My grandma always has a wide array of friends, and acquaintances. She has neighbors that she has been friends with for 50 years. She corresponded, for years, with a woman she met at a bus stop who had since moved to China. Her mail people are even her friends. She belongs to birthday group made up of several older women who travel around, monthly, to celebrate each other’s birthdays. Within the last few years she has spent time going to jam sessions, senior prom, many Culver’s visits and enjoying many, many, coffee dates around her kitchen table. I can, honestly, say that that woman has more of a social life than I ever have, and probably ever will. (This passed weekend, btw, she disappeared from her nursing home–her and her friends needed to make a trip to Culvers during the Vikings game. I get it though–Culver’s really is the best.)

At 85 she finally needed to leave her home. She lived alone, and her safety was at risk–between falls, memory issues, stubbornness and a final stroke, she left to go to a nursing home. (When I say stubbornness I am, specifically, thinking about a photo that the neighbor snapped a few years back. It’s her, shoveling a fresh snow fall. On her roof. Seriously. That image still makes me laugh so hard–she is incredible. And, honestly, I would probably have been doing the same thing. It’s just a little scary to think about her being all alone while doing those things.)

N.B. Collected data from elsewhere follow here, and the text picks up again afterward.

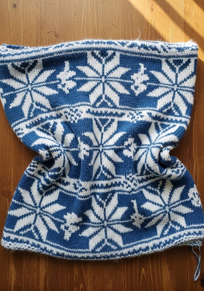 If the first scarf earlier in this list made you fall in love with that blue and white Nordic aesthetic, wait until you see what it looks like as a cowl. This stunning piece is worked in a rich denim blue and crisp white, featuring the most breathtakingly detailed large-scale snowflake and floral Fair Isle motifs that repeat all the way around the tube. The snowflakes are bold and graphic, almost filling the entire width of the cowl, which gives it this really dramatic and luxurious look that a smaller repeating pattern just cannot achieve. The yarn looks smooth and well-spun with excellent stitch definition, which is exactly what you want when your colorwork is this intricate and detailed. The clean cast-on and bind-off edges keep the whole thing looking polished and intentional from top to bottom.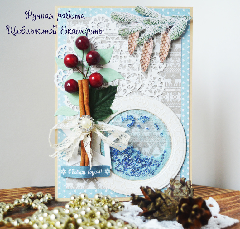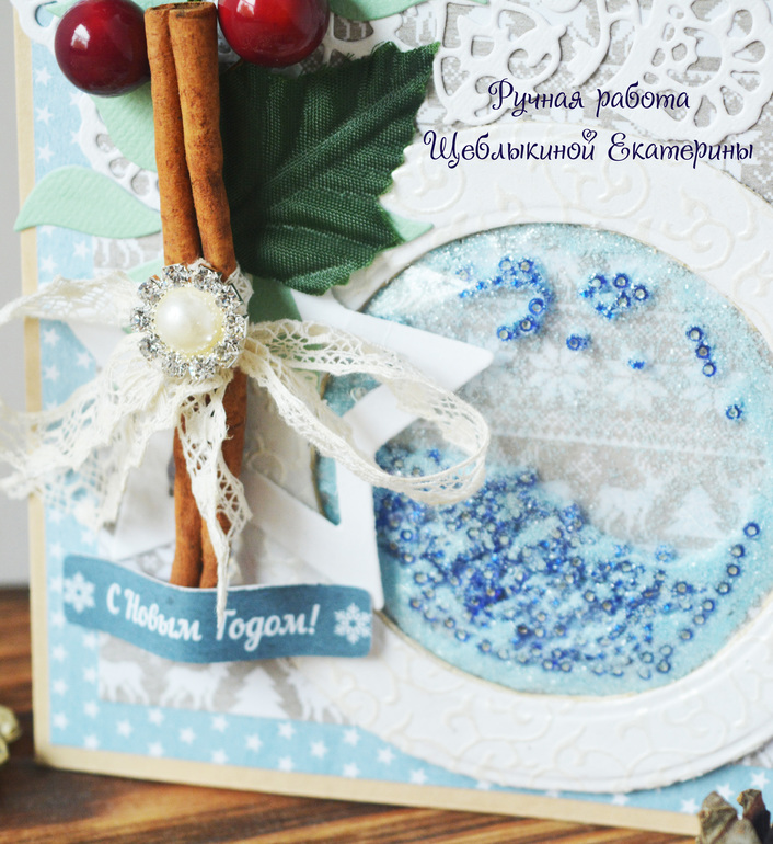 Особый шарм придала веточка корицы, которая как нельзя кстати вписалась в новогоднюю тематику открытки!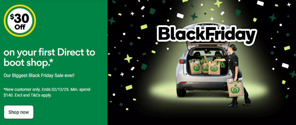 Woolworths 黑五活动:第一次使用Direct to Boost购物,可减$30!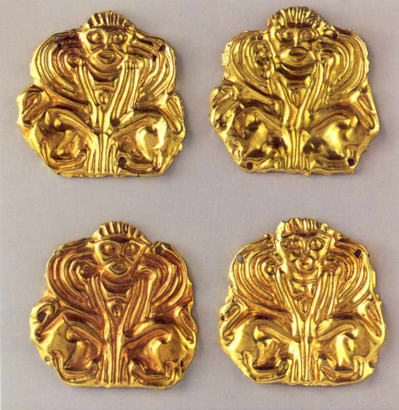 Курган Розмір зображення: 779:800 піксел Вкладені елементи Бляшки у формі сфінксів Бляшки у формі оленів Шолом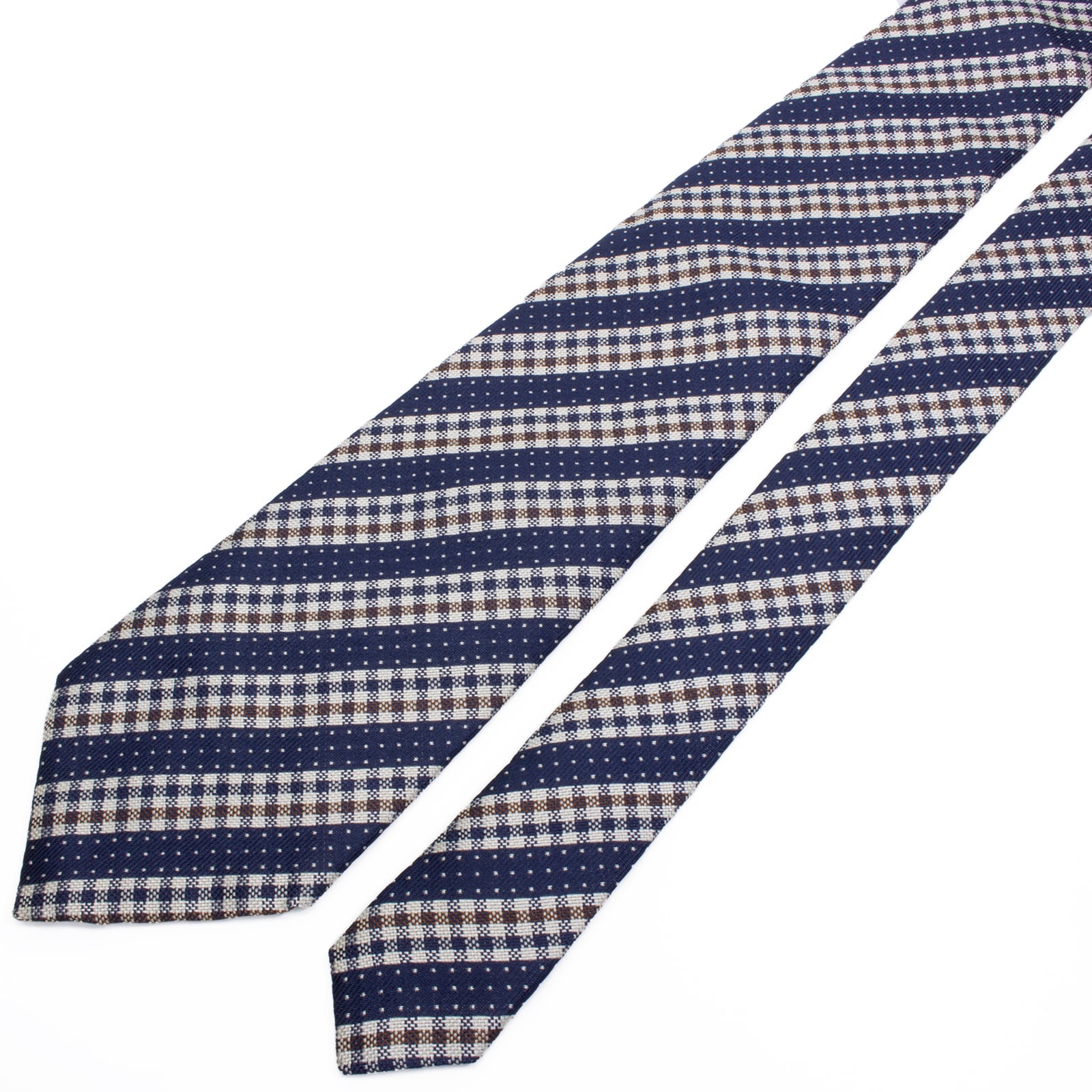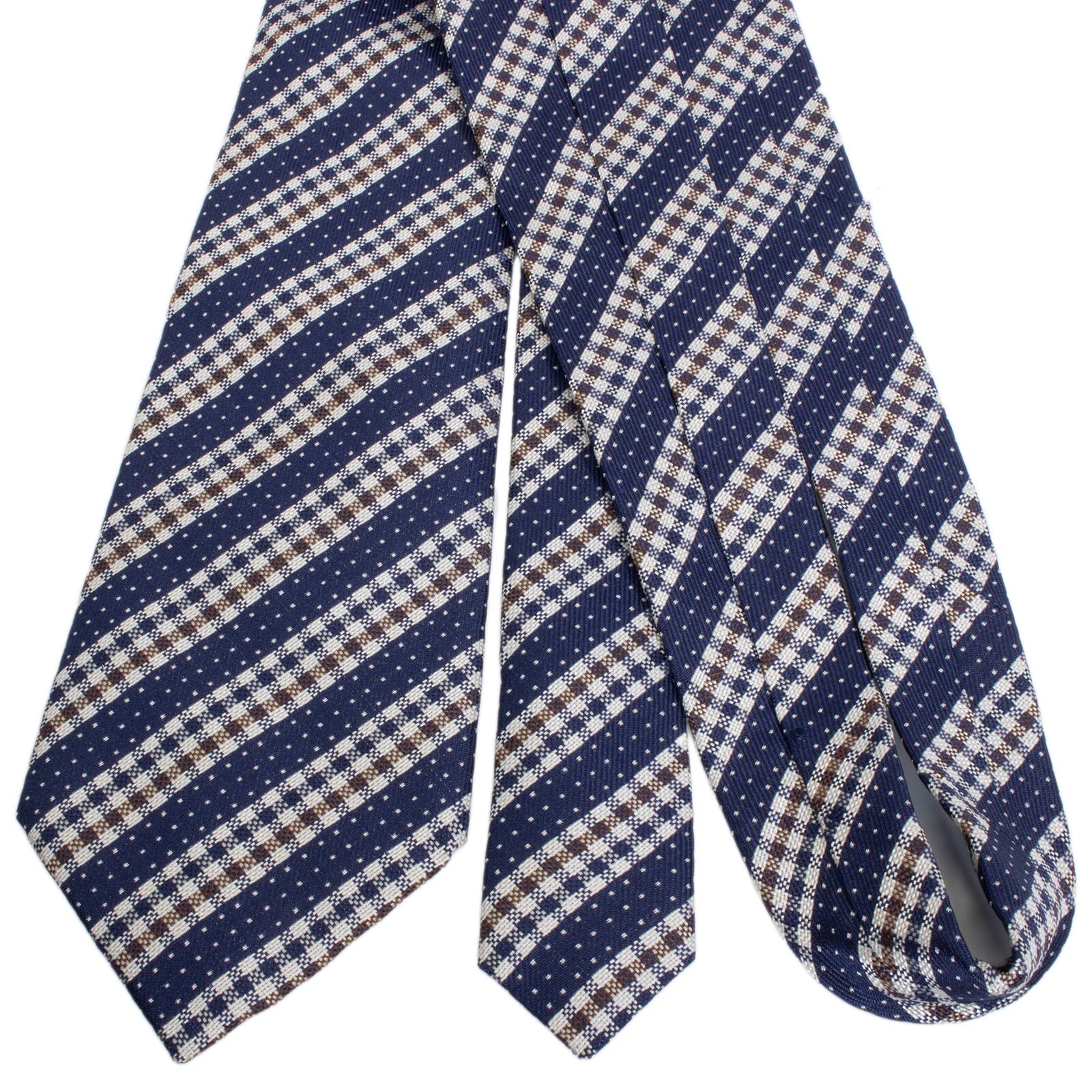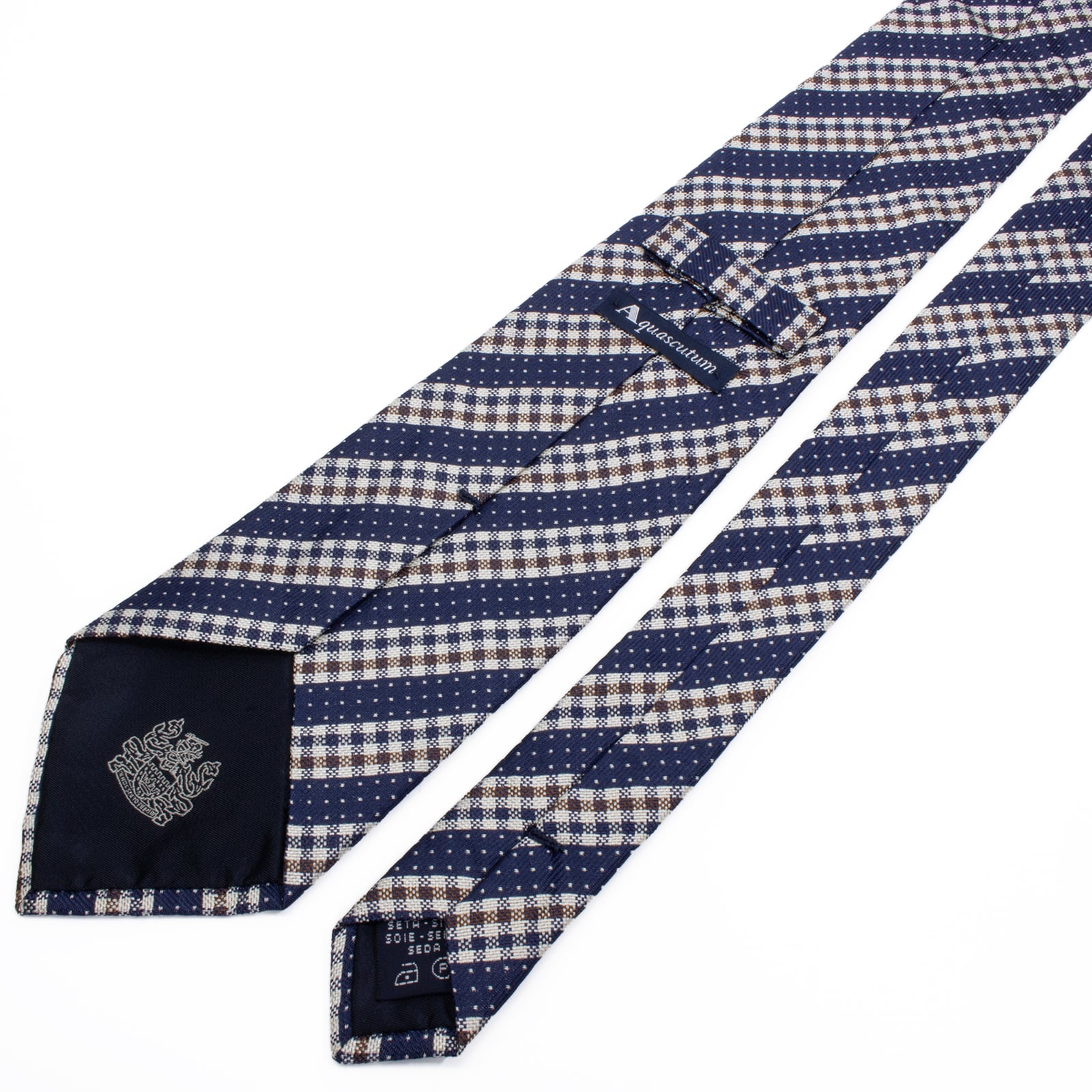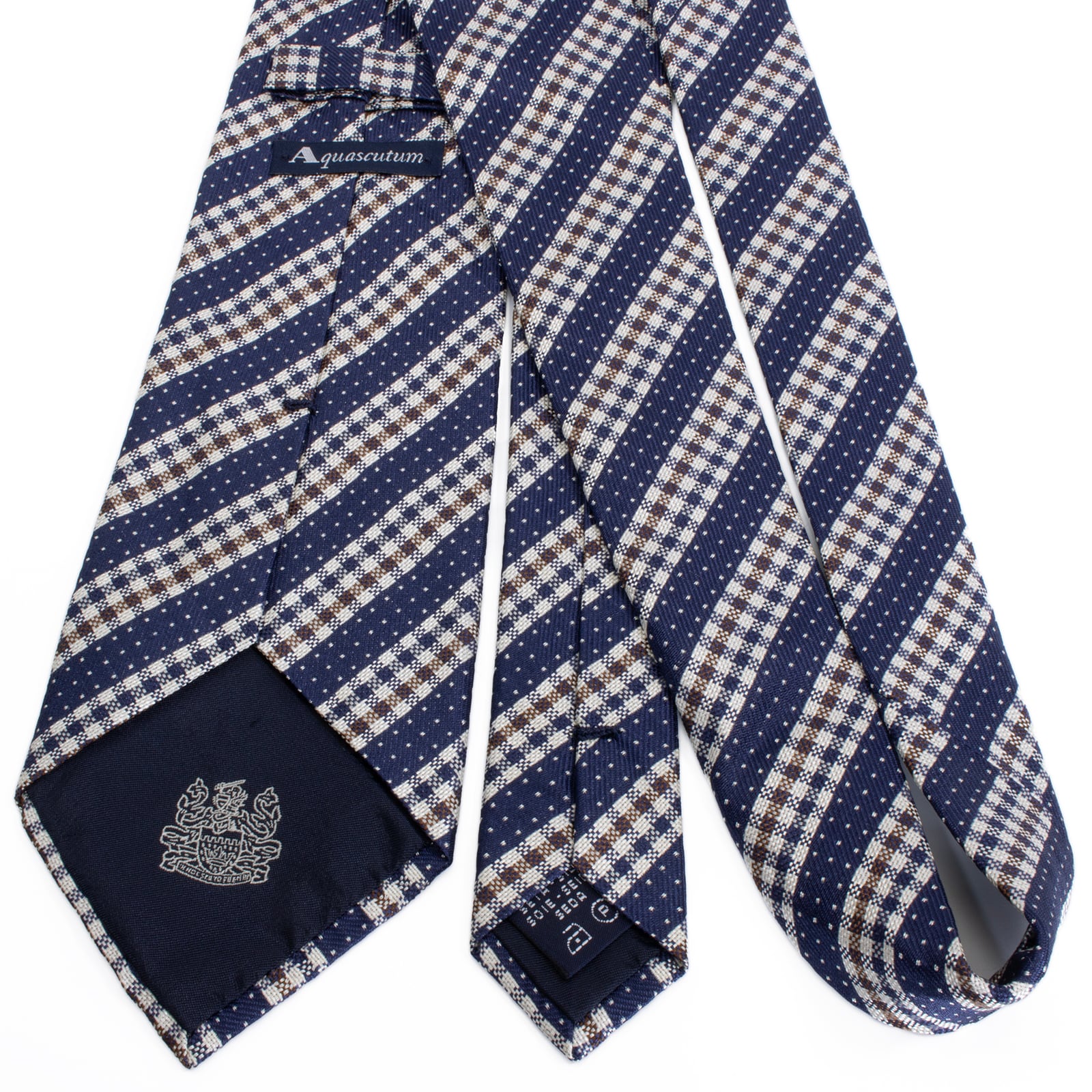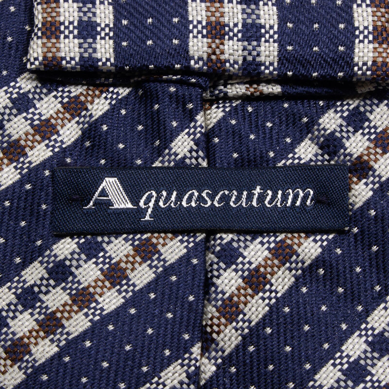 新品同様 送料無料 アクアスキュータム ネクタイ レギュラータイ ジャガード ネイビーブルー シルバー ストライプ ドット ブランド S592

Anyway, as we were cleaning out her home, getting it ready for the new family to move in to–we started noticing that almost everything she owned–every vase, every wall hanging, every homemade item, every photo, they were ALL labeled. Things all had a name, and a date, and if there was anything significant about it. One framed photo, the same photo I have seen all my life, in the same spot it had been all my life, was labeled: ‘from Jeannie, 1980. The day the house was paid off.’ My grandma’s eclectic decorations turned out to not be eclectic at all–it was all part of one, bit, matching collection.  Another piece of wall art made from fish rocks, that was another one that I had seen all my life, it was labeled ‘1968’. Apparently, it was a craft project that her, and her neighbor, did at the local playground, in 1968. Almost everything in her home was either a gift, or homemade. The porcelain bull head on her wall turned out to be a gift from my sister, and I–back in 1985–we had been looking at it for years, and never even remembered giving it to her. This experience, the one of helping to clean my grandma’s home, was one of the most inspirational things I have done in years, and years. The idea of having almost everything I own being either a gift, or handmade, makes me want to dump everything that doesn’t fit those qualifications. (I’m slowly working on donating a LOT already. In my head, I’d like it to be a dramatic dumping though.)

Fast forward to the Christmas part of this blog–this year, almost all of the decorations around my house, came from the cleaning of my Grandma’s attic this past summer. She made everything–and, this was long, LONG, before Pinterest. These days, she doesn’t remember her ornaments; in fact, she told my mom that someone else must have made it all. I know the truth though. 🙂 Her memory, these days, may not be able to recall things so perfectly, but they almost make all of these ornaments that much more special to me–because, all of these little ornaments are now for us to make new memories with.  Here are a few of the favorites that I have around my house right now; bonus, they’re all hung on the homemade ‘garland’ she crocheted. ❤ (And yes, I still hide candies in the little candy holder decorations. She always did that when we were little–it was magical to find an ornament with candy in it! My kids are loving the tradition, too. ❤ )

One Comment Add yours

  1. Dorene says:

    Must be something in the air…my eyes are wet.